Gregory Nagy (, ; born October 22, 1942 in Budapest) is an American professor of Classics at Harvard University, specializing in Homer and archaic Greek poetry. Nagy is known for extending Milman Parry and Albert Lord's theories about the oral composition-in-performance of the Iliad and Odyssey.

Education and career
Nagy received his A.B. from Indiana University in 1962 in classics and linguistics, and his Ph.D. from Harvard University in 1966 in classical philology.

Since 1966, he has been a professor at Harvard University.

Since 2000, he has been the director of the Center for Hellenic Studies, a Harvard-affiliated research institution in Washington, DC. He is the Francis Jones Professor of Classical Greek Literature and Professor of Comparative literature at Harvard, and continues to teach half-time at the Harvard campus in Cambridge, Massachusetts. From 1994 to 2000, he served as Chair of the Classics Department at Harvard University. He was Chair of Harvard's undergraduate Literature Concentration from 1989 to 1994. He served as the president of the American Philological Association in the academic year 1990-91.

Since 2015, he has been posting his current work on a weekly basis at his research blog, Classical Inquiries.

Massive open online course
In 2013 Harvard offered his popular class, The Ancient Greek Hero, which thousands of Harvard students had taken over the last few decades, through edX as a massive open online course. To assist Professor Nagy, Harvard appealed to alumni to volunteer as online mentors and discussion group managers.
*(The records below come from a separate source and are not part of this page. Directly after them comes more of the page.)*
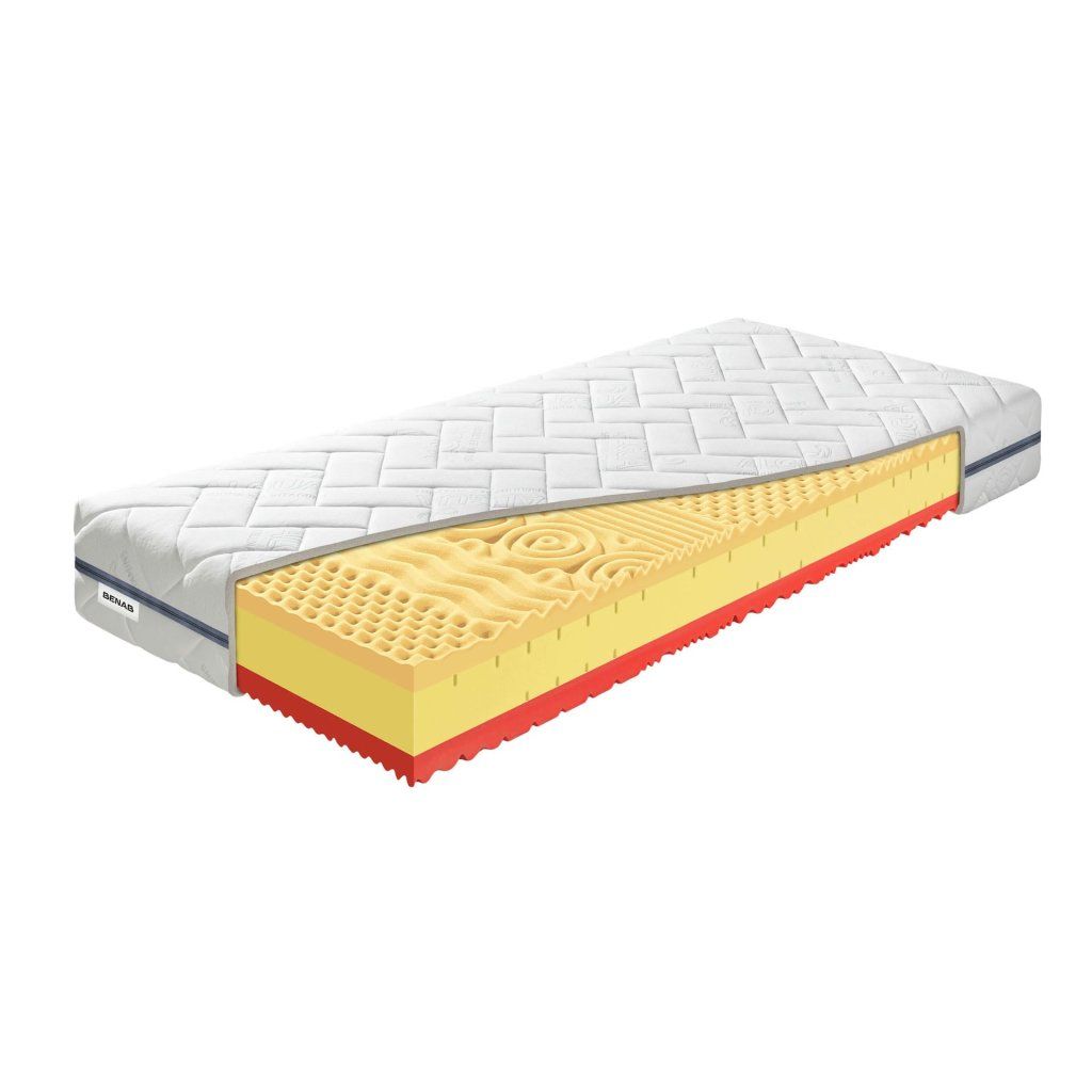 Pokud hledáte matraci s paměťovou línou pěnou, pak matrace Benab Zero Visco 23 Bio musí být vážným kandidátem - perfektní 5 cm silná Visco pěna, antibakteriální odvětrané Sanitized® jádro, kvalitní potah s výtažky řas Spirulina a k tomu za super cenu.Matrace Benab Zero Visco 23 Bio je kombinací 5 cm silnou vrstvou paměťové Visco pěny se 7 zónovou masážní profilací, speciálně odvětraným jádrem z moderní antibakteriální, vysoce pružné pěny Sanitized® s dlouhou životností a sekundární ložnou vrstvou z kvalitní 7 zónově profilované PUR pěny. Visco pěna s paměťovým efektem reaguje na teplo a tlak a optimálně se přizpůsobí křivkám vašeho těla, a tím uvolňuje svalstvo a klouby. Speciální antibakteriální pěna s ventilačními otvory s certifikovanou úpravou Sanitized® (biocidní látka- nezávadná vhodná i pro děti do 3 let) likviduje bakterie, houby, roztoče, plísně a další nežádoucí mikroorganismy. Doporučený rošt pro matraci Benab Zero Visco 23 Bio je lamelový.Konstrukce matrace Benab Zero Visco 23 BioŽlutá, 7 zónová profilovaná deska z Visco pěny o hustotě 50 kg/m³ vysoká 3 až 5 cm,žluté, 11 cm vysoké perforované 7 zónové jádro z antibakteriální pěny Sanitized® o hustotě 40 kg/m³ ,červená 7 zónová profilovaná vrstva z PUR pěny o hustotě 28 kg/m³ vysoká 3 až 5 cm.Matrace je lepena technologií HotMelt - eko lepení známé jako tavné lepidlo. Používá se i v potravinářství. Tento způsob je ekologický, absolutně bez zápachu a lepený spoj ani po letech neztrácí svou pevnost. Certifikát ECOPASS o zdravotní nezávadnosti.Potah Algua SpirulinaPotah s výtažky z mořských řas Spirulina. Obsahuje přírodní vitamíny, minerály a aminokyseliny. Během spánku dochází k uvolňování těchto látek a působí blahodárně na lidskou pokožku. Potah má antibakteriální, antimykotické vlastnosti - zabraňuje tvorbě a růstu plísní. Vlastnosti potahu Algua Spirulina zaručují vynikající hygienu. Certifikovaný a zdravotně nezávadný OEKO-TEX standard. Odzipovatelný a pratelný do 60 °C.Složení: 30% viskóza, 70% polyester, úprava Spirulina Finish, zónově prošitý s klimatizační výplní, PES vláknem 300 gr/m².O matracích BenabMatrace Benab jsou na slovenském a českém trhu už od roku 1998, kdy továrna pod Tatrami začala vyrábět perfektní matrace pro domácnosti, nemocnice, domy pro seniory i hotelová zařízení. Posláním každého produktu Benab je garantovat každému člověku v domácnosti zdravý spánek, pomáhat nemocným v jejich léčení a osobám na cestách a na dovolených dopřát pohodlný oddych.Benab nabízí široký sortiment matrací – od ekonomických, přeskomfortní až po špičkové inovativní matrace, konkurující světoznámým značkám, které jsou symbolem luxusu. Pružinové a hybridní matrace Benab jsou skvělým příkladem špičkové technologie, know-how a zručnosti zaměstnanců.Doplňkové parametry
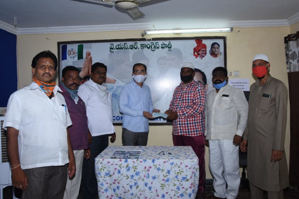 కర్నూలు:(విభారె న్యూస్): నగరంలోని స్థానిక రాయల్ ఫంక్షన్ హాల్ నందు ఎమ్మెల్యే హాఫిజ్ ఖాన్ గారి చేతుల మీదుగా 40వేల రూపాయలు సీ.యం రిలీఫ్ ఫండ్ క్రింద చెక్ ను బాధితులకు అందజేశారు. 5వార్డుకు చెందిన మున్నా గారి తనయుడు పుట్టినప్పటి నుంచి అనారోగ్యంతో బాధపడుతూ సరైన చికిత్స చేయించలేక ఆర్థిక సహాయ నిమిత్తం ఎమ్మెల్యే హాఫిజ్ ఖాన్ గారిని కోరడం జరిగింది. ఈయన పరిస్థితి విన్న ఎమ్మెల్యే హాఫిజ్ ఖాన్ గారు ప్రభుత్వం నుంచి సీ.యం.రిలీఫ్ ఫండ్ నుండి ఆ బాధితుడికి సహాయంగా 40వేల రూపాయలు విడుదల చేయించి ఆ చెక్ ను వారికి అందజేశారు. కార్యక్రమంలో వైస్సార్సీపీ నాయకులు 5వార్డు మాజీ కార్పొరేటర్ దండు శేషు యాదవ్ మరియు అక్బర్ పటేలా, వెల్లంపల్లి శ్రీవినివాసులు, అబ్దుల్హ మహబూబ్, వైస్సార్సీపీ నాయకులు తదితరులు పాల్గొన్నారు
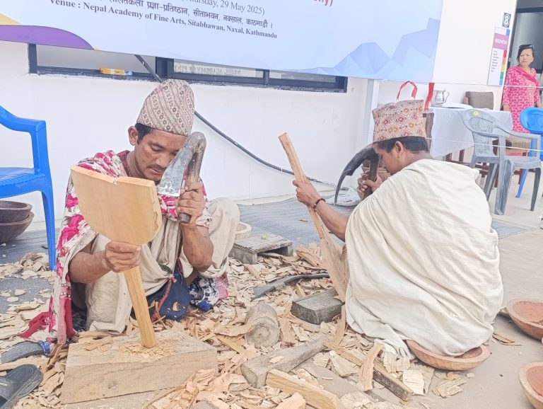 काठमाडौँ। नेपाल ललितकला प्रज्ञा प्रतिष्ठान नक्साल काठमाडौँमा आज लोपोन्मुख समुदाय राउटेले  काठको पन्यू बनाएर प्रदर्शन गरेका छन् । जारी राष्ट्रिय ललितकला प्रदर्शनीमा सहभागी राउटेले प्रत्यक्ष कला कार्यशाला (लाइभ आर्ट डेमोस्ट्रेसन)मा आफ्ना मौलिक कला प्रस्तुत गरेका हुन् । राउटेहरूको यो हस्त तथा शिल्पकला दैनिक जीवनमा प्रयोग हुँदै आएको छ । ललितकला

About 10 former teaching fellows have also volunteered. The task of the volunteers is to focus online class discussion on the course material. The course had 27,000 students registered.

Personal life
Nagy and his wife, Olga Davidson, Research Fellow, Institute for the Study of Muslim Societies and Civilizations, Boston University and chair of the Ilex Foundation, served as Faculty Deans (previously called co-masters) of Currier House at Harvard from 1986 to 1990.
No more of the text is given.